Federal Judge Curtis Collier ruled in November that Hamilton County Schools should not have removed Luka Hyde from his second- grade classroom at Normal Park Museum Magnet School in 2013. Collier agreed with Luka’s parents, Deborah and Greg Hyde, that the school district’s decision to move Luka to Red Bank Elementary’s comprehensive development classroom was not in his best interest.

In that classroom, Luka would have limited interactions with students without disabilities, and the curriculum would be more focused on developing life skills than academic aptitude. Collier determined that environment was “more restrictive than necessary” and Luka could benefit from being in a regular classroom.

Luka’s case has been winding through the court system for more than two years, and the Hydes are expected to address their claims of discrimination under the Americans with Disabilities Act during a federal trial in coming months.
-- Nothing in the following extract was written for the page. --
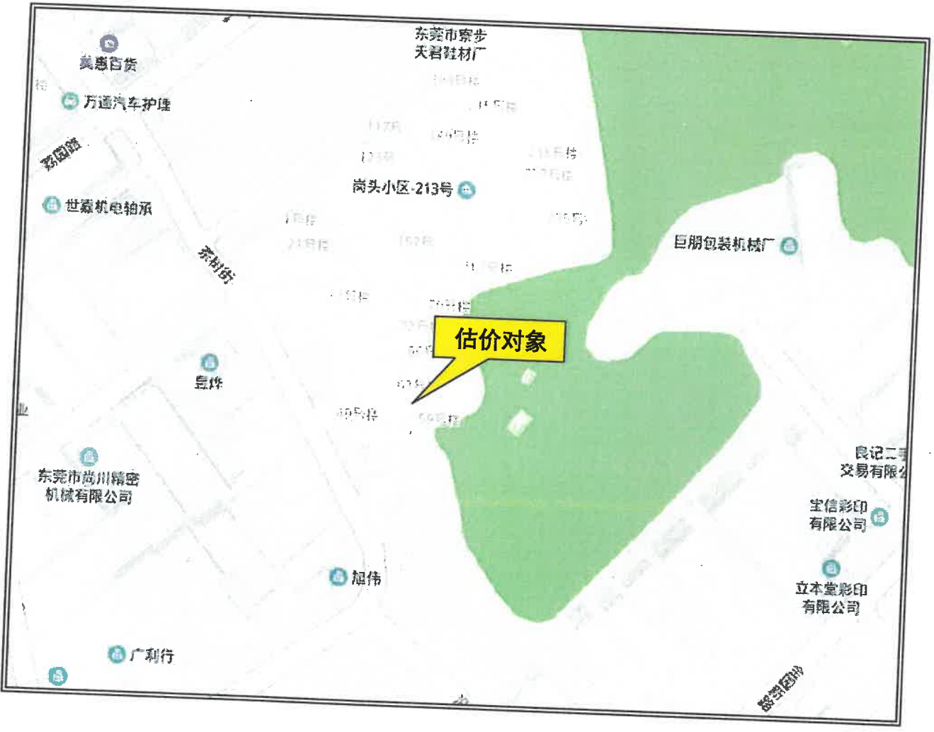
附件（二）：估价对象位置图

Before the trial, Collier asked attorneys for the school district and the Hydes to file supplemental briefs addressing the Supreme Court’s unanimous decision in March that requires public schools to offer more than minimal instruction for special-needs students.
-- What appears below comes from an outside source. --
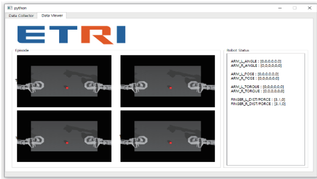
그림 2. 로봇 동작 데이터 예시

Action 구조로 변환되며, Observation 은 시점 t 의 이미지와 관절 각도, Action 은 이후 100 스텝의 관절 변화와 패딩 플래그로 구성된다. 이 구조는 시간적 연속성을 반영한 정밀 조작 학습에 적합한 고충실도(high-fidelity) 데이터셋을 제공한다.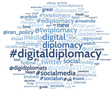
#DigitalDiplomacy Word Cloud

In its ruling, the Supreme Court sided with parents of an autistic teen in Colorado who said their public school did not do enough to help their son, known as Endrew F., make progress.

The case helps clarify the scope of the Individuals with Disabilities Education Act, a federal law that requires a “free and appropriate public education” for disabled students. Lower courts previously ruled in the Endrew F. case that programs with minimal benefits can satisfy the law.
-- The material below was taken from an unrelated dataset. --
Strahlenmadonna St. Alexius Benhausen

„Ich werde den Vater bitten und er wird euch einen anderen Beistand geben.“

But Chief Justice John Roberts said the law requires an educational program be “reasonably calculated to enable a child to make progress appropriate in light of the child’s circumstances.” Roberts did not elaborate on what that progress should look like, saying it depends on the “unique circumstances” of each child. He added that there should also be deference to school officials.

“When all is said and done, a student offered an educational program providing merely more than de minimis progress from year to year can hardly be said to have been offered an education at all,” Roberts said. “For children with disabilities, receiving instruction that aims so low would be tantamount to sitting idly awaiting the time when they were old enough to drop out.”

The Hydes’ attorney, Justin Gilbert, said this portion of the Supreme Court’s ruling “eerily describes the [comprehensive development classroom] at Red Bank where Hamilton County demanded [Luka] be sent,” according to the supplemental brief filed Monday.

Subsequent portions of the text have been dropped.